Nguyen Thu P, Frank Anderson R, Jewell Jenna L
Department of Molecular Biology, University of Texas Southwestern Medical Center, Dallas, TX USA.
Harold C. Simmons Comprehensive Cancer Center, University of Texas Southwestern Medical Center, Dallas, TX USA.
Cell Logist. 2017 Sep 29;7(4):e1378794. doi: 10.1080/21592799.2017.1378794. eCollection 2017.

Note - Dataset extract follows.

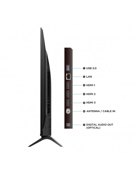 - Asistente de voz - Procesador TC8000 Platform - Memoria Rom 16Gb - WIFI 5 - Aplicaciones Preinstaladas (Netflix, YouTube, Prime video, HBO MAX, Disney+, Pluto Video, TCL Channel, Google play Store) - Bluetooth

The mammalian target of rapamycin (mTOR) is an evolutionarily conserved serine/threonine kinase that belongs to the phosphatidylinositol 3-kinase-related kinase (PIKK) family. mTOR is the catalytic subunit of mTOR complex 1 (mTORC1), which integrates multiple environmental signals to control cell growth and metabolism. Nutrients, specifically amino acids, are the most potent stimuli for mTORC1 activation. Multiple studies have focused on how leucine and arginine activate mTORC1 through the Rag GTPases, with mechanistic details slowly emerging. Recently, a Rag GTPase-independent glutamine signaling pathway to mTORC1 has been identified, suggesting that mTORC1 is differentially regulated through distinct pathways by specific amino acids. In this review, we summarize our current understanding of how amino acids modulate mTORC1, and the role of other small GTPases in the regulation of mTORC1 activity.
雷帕霉素哺乳动物靶蛋白(mTOR)是一种在进化上保守的丝氨酸/苏氨酸激酶,属于磷脂酰肌醇3激酶相关激酶(PIKK)家族。mTOR是mTOR复合物1(mTORC1)的催化亚基,该复合物整合多种环境信号以控制细胞生长和代谢。营养物质,特别是氨基酸,是mTORC1激活的最有效刺激因素。多项研究聚焦于亮氨酸和精氨酸如何通过Rag GTP酶激活mTORC1,其机制细节正逐渐明晰。最近,一条不依赖Rag GTP酶的谷氨酰胺信号通路被发现可作用于mTORC1,这表明mTORC1受特定氨基酸通过不同途径的差异调节。在本综述中,我们总结了目前对氨基酸如何调节mTORC1的理解,以及其他小GTP酶在mTORC1活性调节中的作用。